## PROBLEM DETAILS
Every record here must be copied exactly, except for the images it holds.

# # # # #

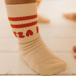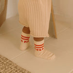 The Pizza socks are the perfect finishing touch for your little one's outfit. Our ribbed socks are designed with reinforced toe caps featuring two stripes and PIZZA to the top of each sock, with the Golden logo to the footbed. The print is inspired by the simple joy ones get from a slice (or 10!) of PIZZA. Choose your favourite toppings and voila, life complete.
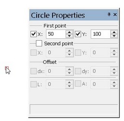 When the pointer is in the drawing area, the property window tracks the current coordinates of the pointer. If necessary, those can be changed in transparent mode by typing the desired value directly from the keyboard. The active input box can be set by pointing and clicking
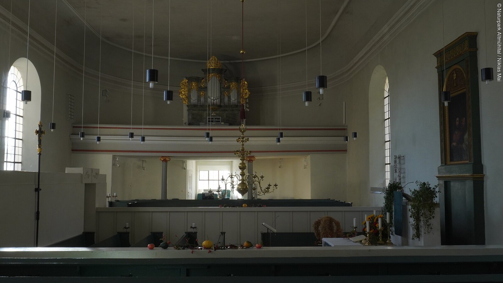 Die Burg bestand aus einer niedriger gelegenen Vor- und überhöhten Hauptburg und war mit ihren Wallanlagen die größte hochmittelalterliche Burganlage im Landkreis Gunzenhausen. Im 14. Jh. sank der Glanz der Truhendinger durch Verschuldung und unglückliche Heiraten mit Blutsverwandten. Nach mehrmaligem Besitzerwechsel ging die Burg 1404 an die Burggrafen von Nürnberg. 1732, mittlerweile ein "sehr altes Gebäu", enthielt das Schloss die Wohnung für den Oberamtmann. Die heutige Kirche wurde in den Jahren 1818/19 erbaut, zuvor - 1722 - wurde Hohentrüdingen eine eigene Pfarrei. Der Kirchturm stammt noch aus dem 12. Jh., er ist der Bergfried der alten Burg, die 1812 abgebrochen wurde. Von diesem Turm, der frei zugänglich ist, hat man einen sehr schönen Ausblick auf den Hesselberg und ins Ries.
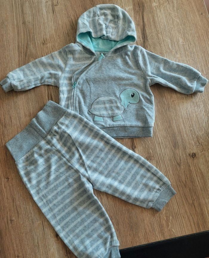 Ensemble jogging en coton Couleur gris clair et turquoise Taille 9mois
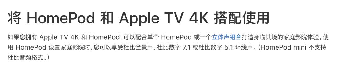 [3]使用 HomePod mini 或 HomePod 和 Apple TV 4K 设置家庭影院音频.https://support.apple.com/zh-cn/HT207705

# # # # #

## ANSWER SPACE
 The Pizza socks are the perfect finishing touch for your little one's outfit. Our ribbed socks are designed with reinforced toe caps featuring two stripes and PIZZA to the top of each sock, with the Golden logo to the footbed. The print is inspired by the simple joy ones get from a slice (or 10!) of PIZZA. Choose your favourite toppings and voila, life complete.
 When the pointer is in the drawing area, the property window tracks the current coordinates of the pointer. If necessary, those can be changed in transparent mode by typing the desired value directly from the keyboard. The active input box can be set by pointing and clicking
 Die Burg bestand aus einer niedriger gelegenen Vor- und überhöhten Hauptburg und war mit ihren Wallanlagen die größte hochmittelalterliche Burganlage im Landkreis Gunzenhausen. Im 14. Jh. sank der Glanz der Truhendinger durch Verschuldung und unglückliche Heiraten mit Blutsverwandten. Nach mehrmaligem Besitzerwechsel ging die Burg 1404 an die Burggrafen von Nürnberg. 1732, mittlerweile ein "sehr altes Gebäu", enthielt das Schloss die Wohnung für den Oberamtmann. Die heutige Kirche wurde in den Jahren 1818/19 erbaut, zuvor - 1722 - wurde Hohentrüdingen eine eigene Pfarrei. Der Kirchturm stammt noch aus dem 12. Jh., er ist der Bergfried der alten Burg, die 1812 abgebrochen wurde. Von diesem Turm, der frei zugänglich ist, hat man einen sehr schönen Ausblick auf den Hesselberg und ins Ries.
 Ensemble jogging en coton Couleur gris clair et turquoise Taille 9mois
 [3]使用 HomePod mini 或 HomePod 和 Apple TV 4K 设置家庭影院音频.https://support.apple.com/zh-cn/HT207705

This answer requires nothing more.